# THE TASK
Everything from the line with "We are ideally" through the final line of the listing below must be retyped exactly, apart from the pictures.

# DATA
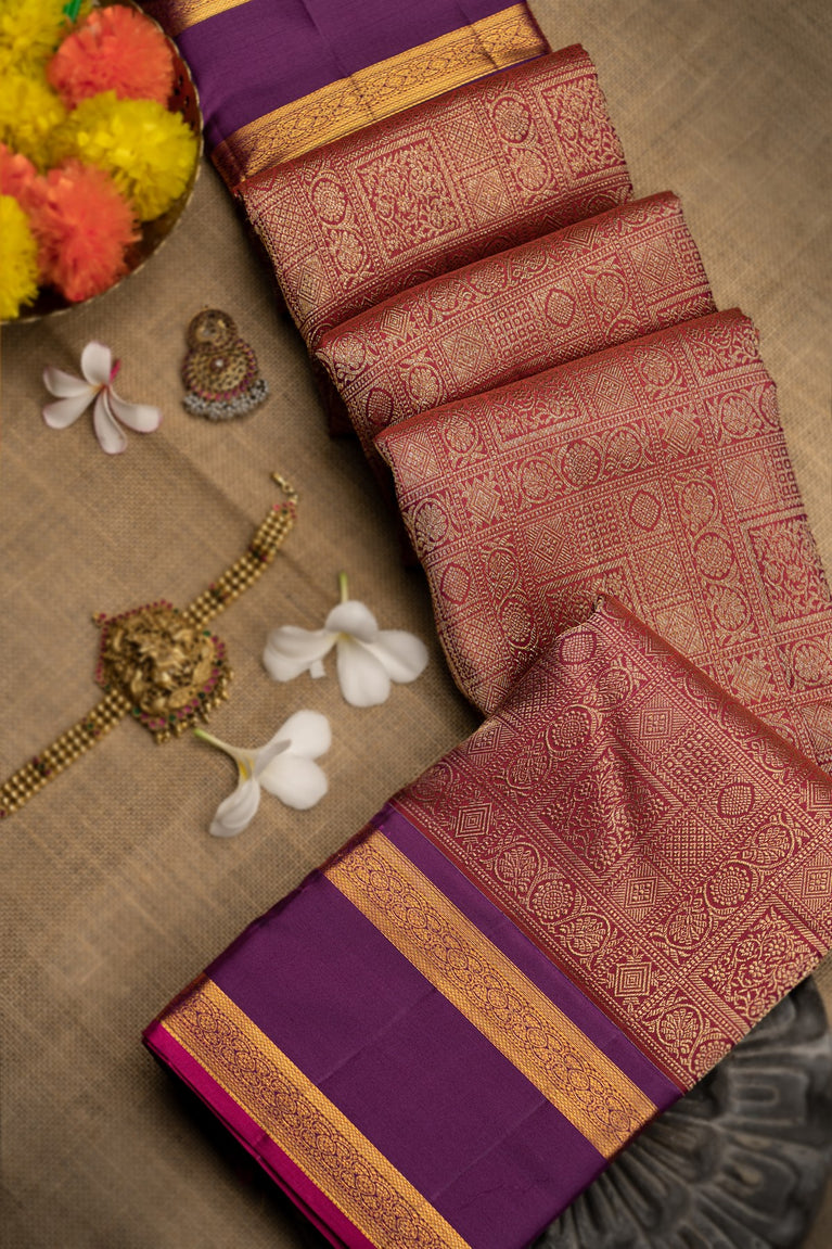 Mandir Light Brown & Lavender Kanchipuram Brocade Saree
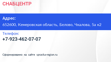 СНАБЦЕНТР по адресу 652600, Кемеровская область, Белово, Чкалова, 5а к2 в дальнейшем Организация, размещена в следующих категориях:
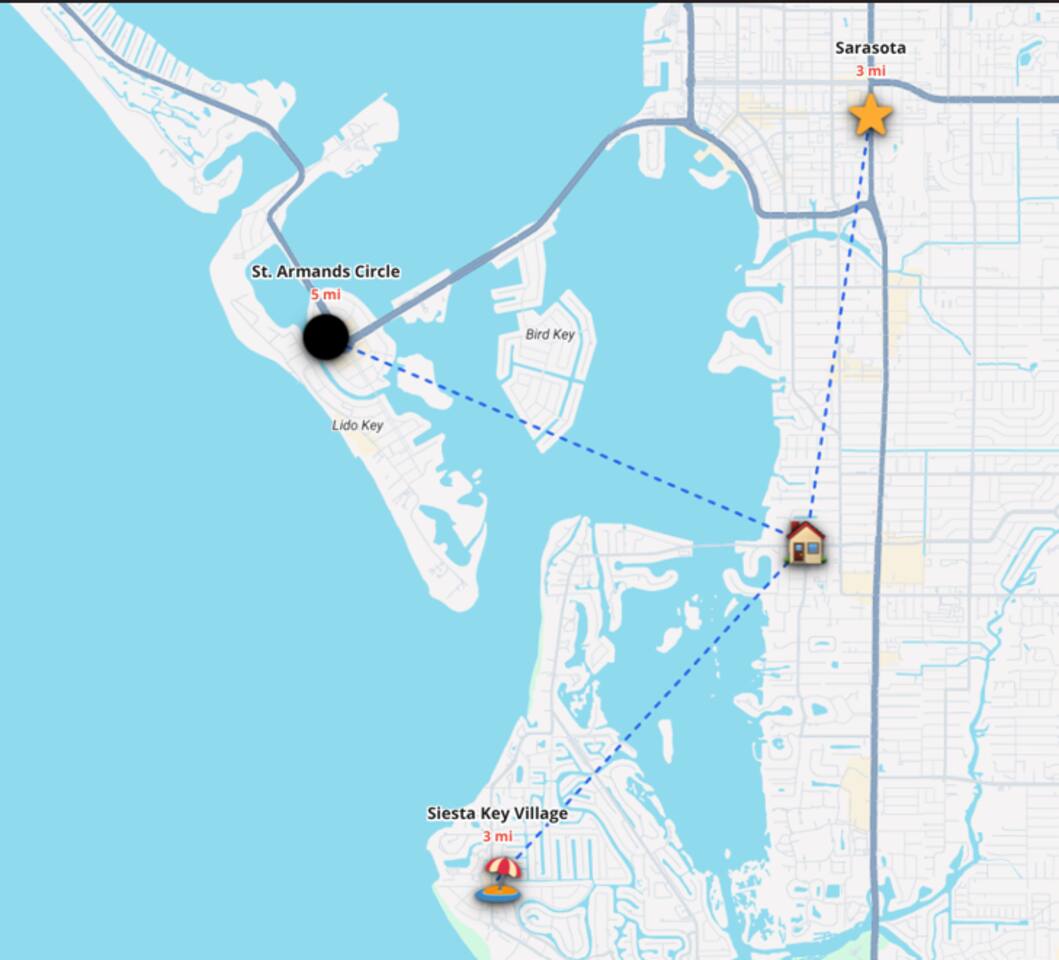 We are ideally located West of the Trail and right between downtown Sarasota and Siesta Key.
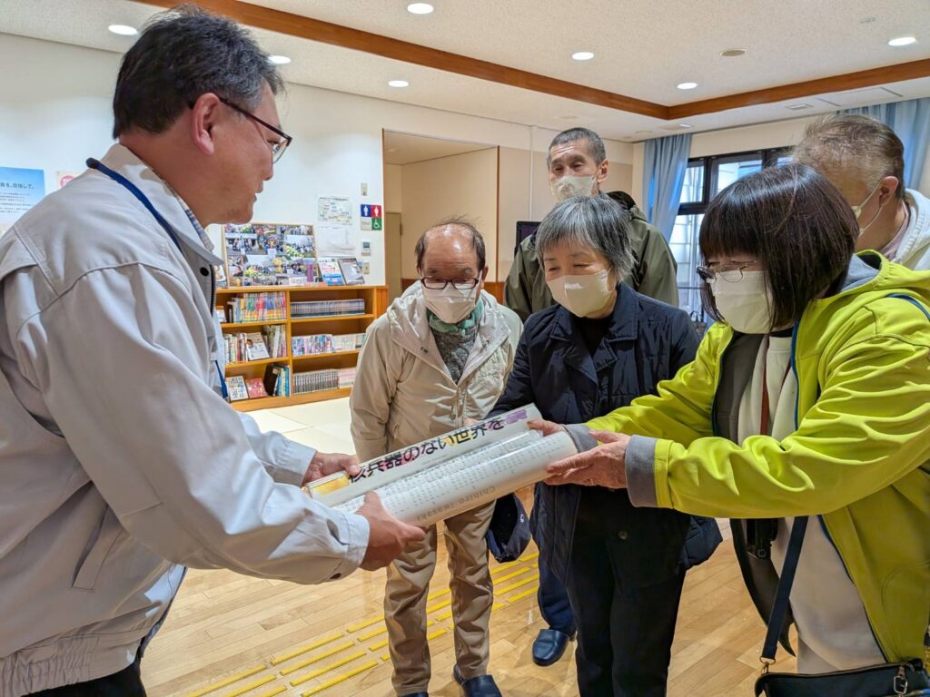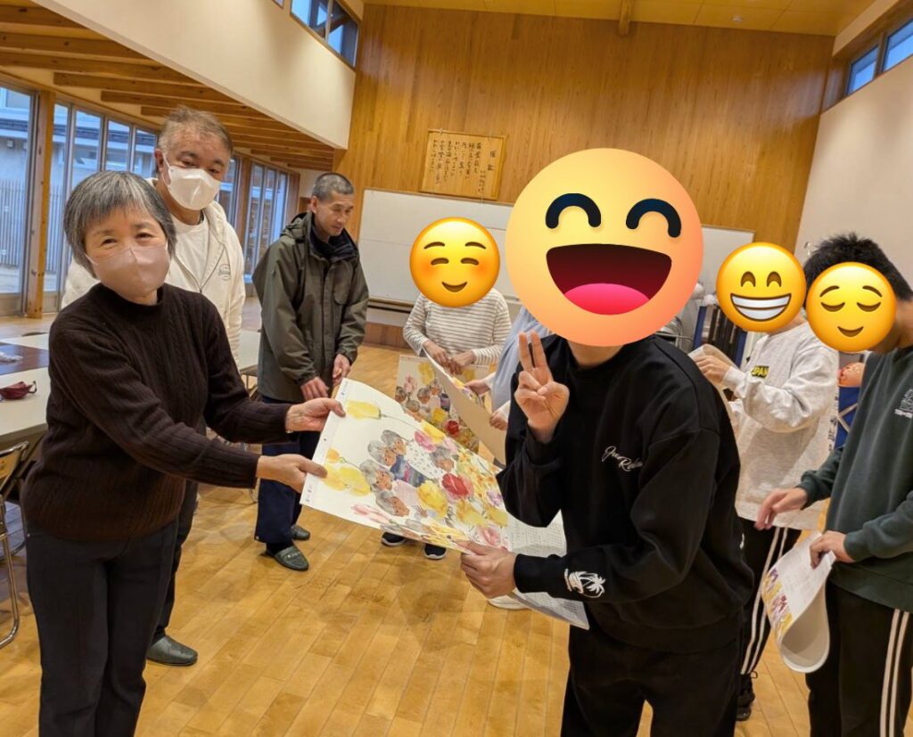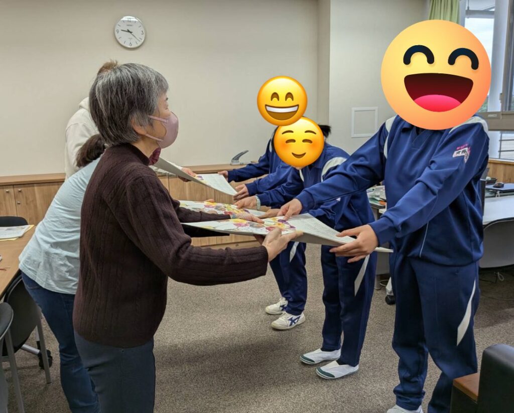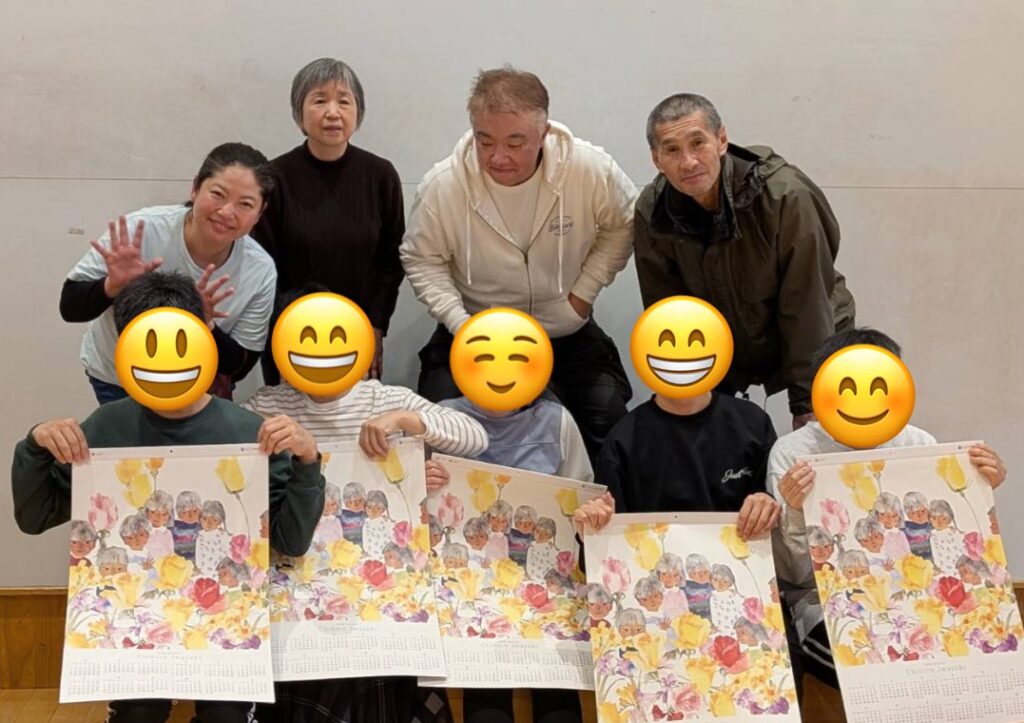 利用者代表の5名が贈呈式に来てくれました。カレンダーを持って喜んで廊下を歩いてくれたり、利用者のKさんはずっと私たちを気にかけて送り迎えをしてくれたりと、とても歓迎ムードで嬉しかったです。

# SOLUTION TO THIS EXERCISE
 We are ideally located West of the Trail and right between downtown Sarasota and Siesta Key.
 利用者代表の5名が贈呈式に来てくれました。カレンダーを持って喜んで廊下を歩いてくれたり、利用者のKさんはずっと私たちを気にかけて送り迎えをしてくれたりと、とても歓迎ムードで嬉しかったです。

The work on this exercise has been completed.